### Input records
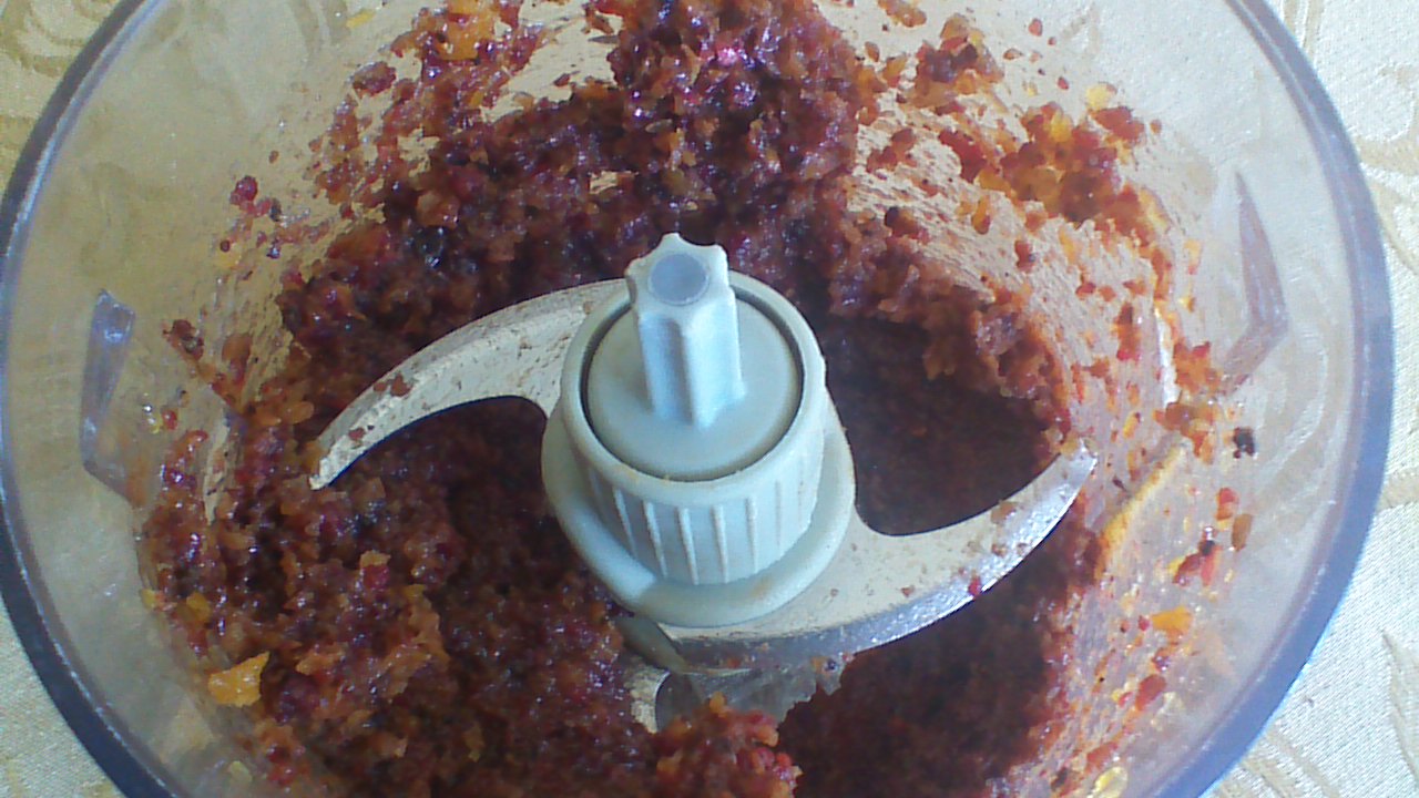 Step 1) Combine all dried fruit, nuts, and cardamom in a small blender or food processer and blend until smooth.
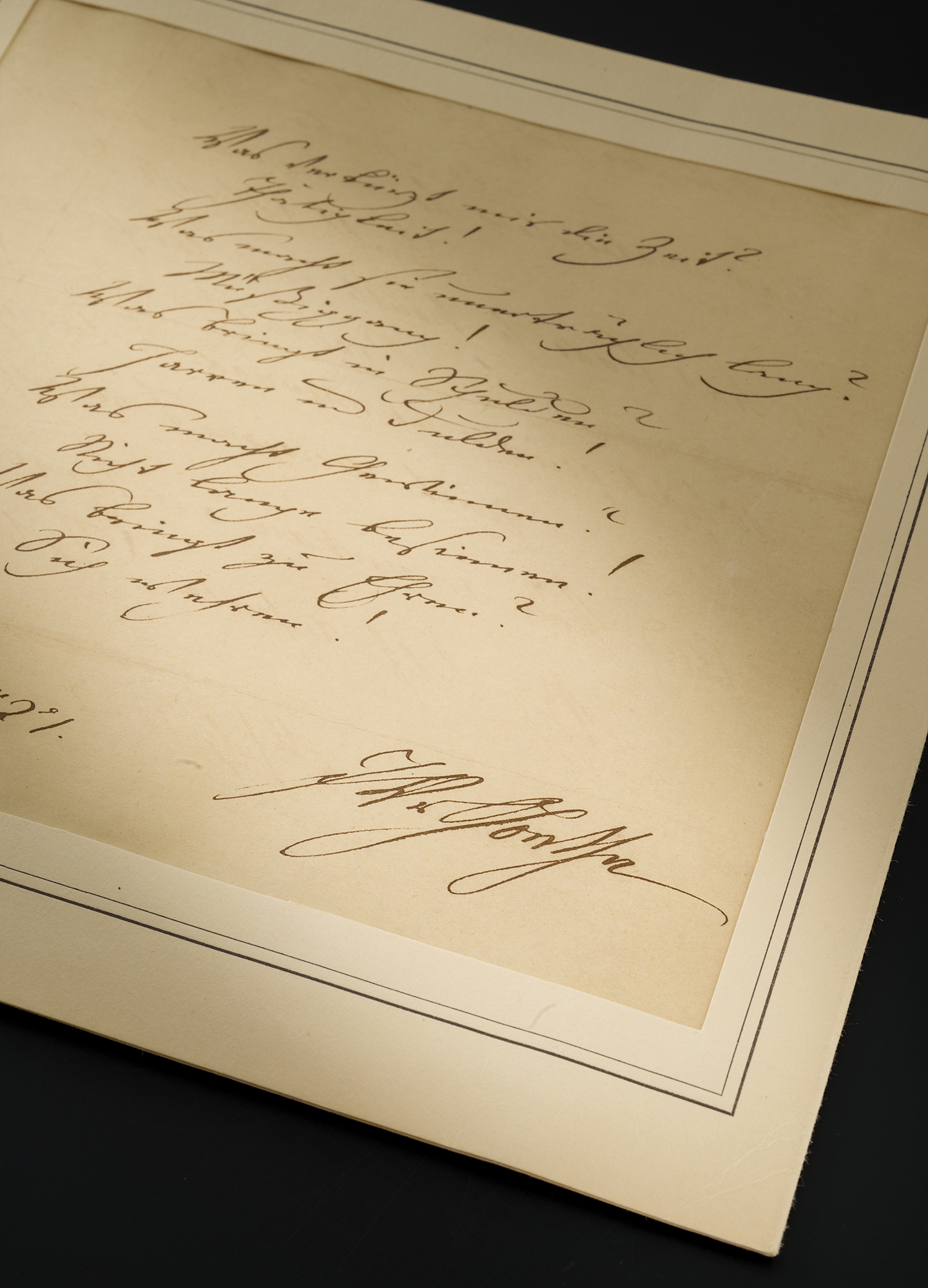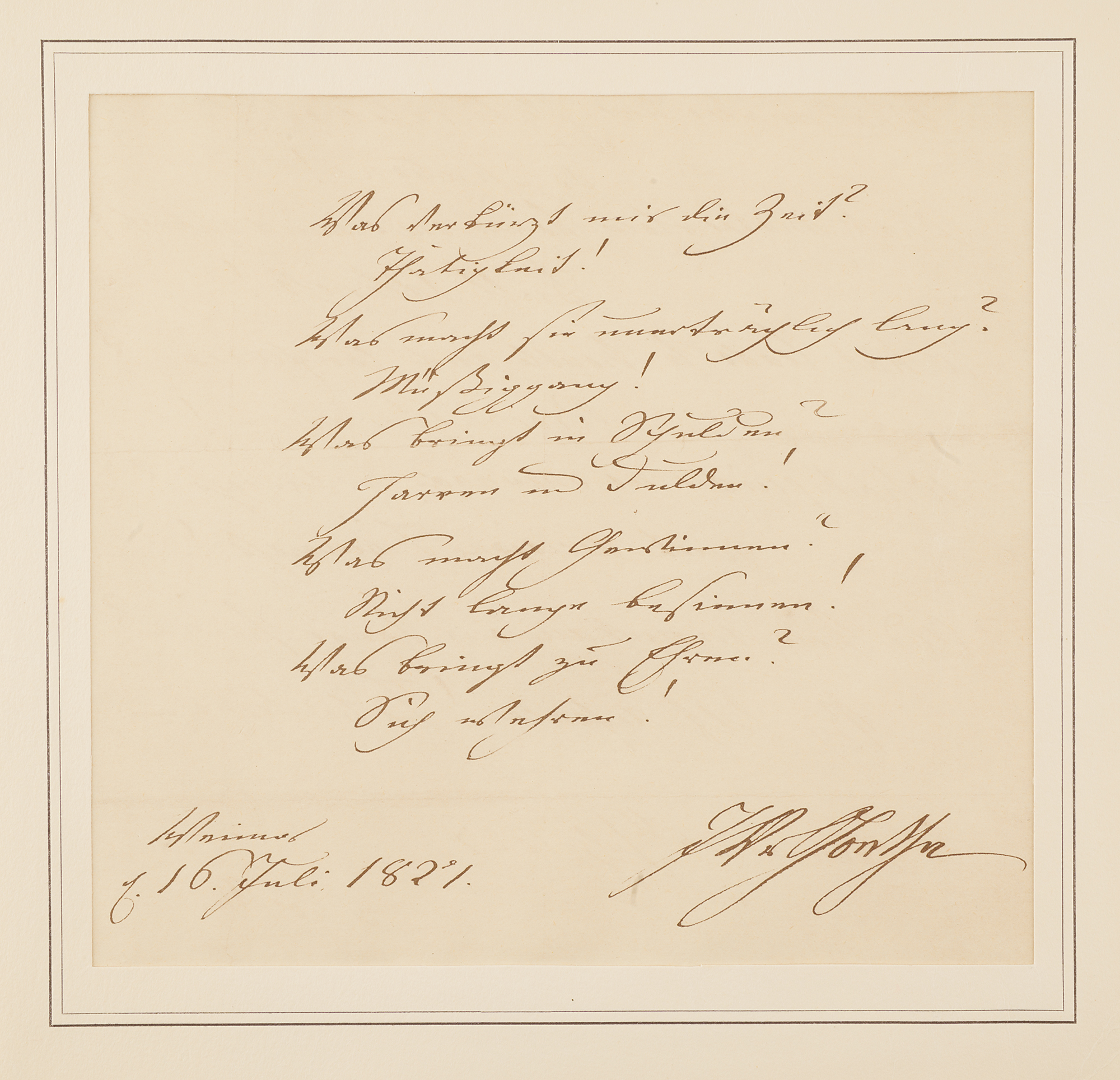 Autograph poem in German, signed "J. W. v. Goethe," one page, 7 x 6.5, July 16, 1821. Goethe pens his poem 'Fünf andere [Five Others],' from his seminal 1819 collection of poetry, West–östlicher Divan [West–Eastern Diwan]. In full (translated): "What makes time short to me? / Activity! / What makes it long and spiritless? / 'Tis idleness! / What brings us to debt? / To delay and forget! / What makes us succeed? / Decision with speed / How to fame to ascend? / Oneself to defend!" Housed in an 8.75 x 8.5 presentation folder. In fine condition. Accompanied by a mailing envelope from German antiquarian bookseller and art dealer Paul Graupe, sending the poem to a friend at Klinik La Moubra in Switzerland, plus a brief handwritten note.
==
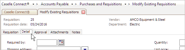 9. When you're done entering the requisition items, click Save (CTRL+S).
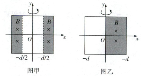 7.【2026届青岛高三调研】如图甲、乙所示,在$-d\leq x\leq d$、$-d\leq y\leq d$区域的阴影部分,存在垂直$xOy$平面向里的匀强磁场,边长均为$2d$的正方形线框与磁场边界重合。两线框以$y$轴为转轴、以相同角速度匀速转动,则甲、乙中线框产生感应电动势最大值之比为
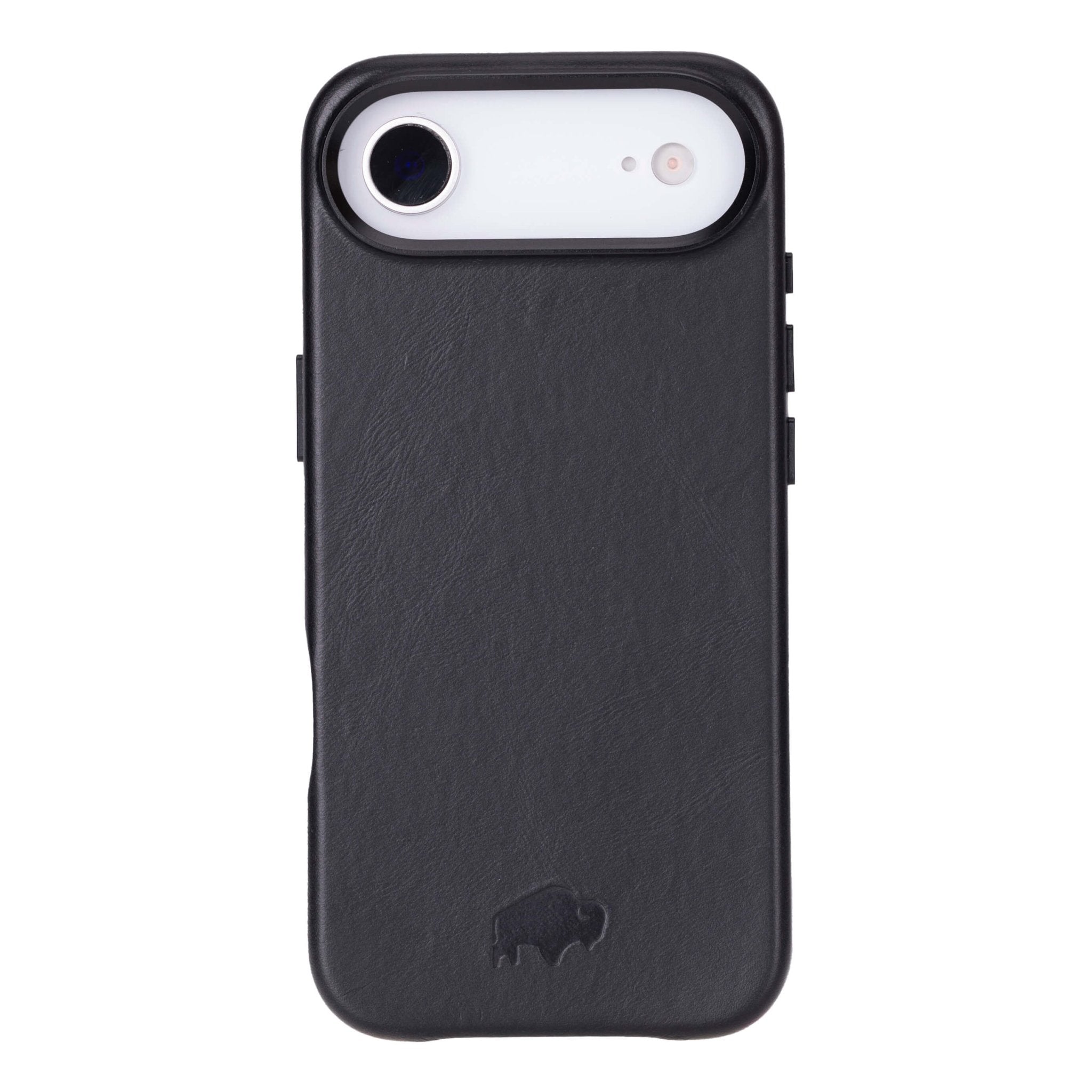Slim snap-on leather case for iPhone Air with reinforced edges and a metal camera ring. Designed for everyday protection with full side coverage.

### What is being asked
Although the records hold pictures, the copy must not; give again exactly the lines from the one with "7.【2026届青岛高三调研】如图甲、乙所示,在$-d\leq x\leq d$、$-d\leq" through the one with "Slim snap-on leather".

### Answer space
 7.【2026届青岛高三调研】如图甲、乙所示,在$-d\leq x\leq d$、$-d\leq y\leq d$区域的阴影部分,存在垂直$xOy$平面向里的匀强磁场,边长均为$2d$的正方形线框与磁场边界重合。两线框以$y$轴为转轴、以相同角速度匀速转动,则甲、乙中线框产生感应电动势最大值之比为
Slim snap-on leather case for iPhone Air with reinforced edges and a metal camera ring. Designed for everyday protection with full side coverage.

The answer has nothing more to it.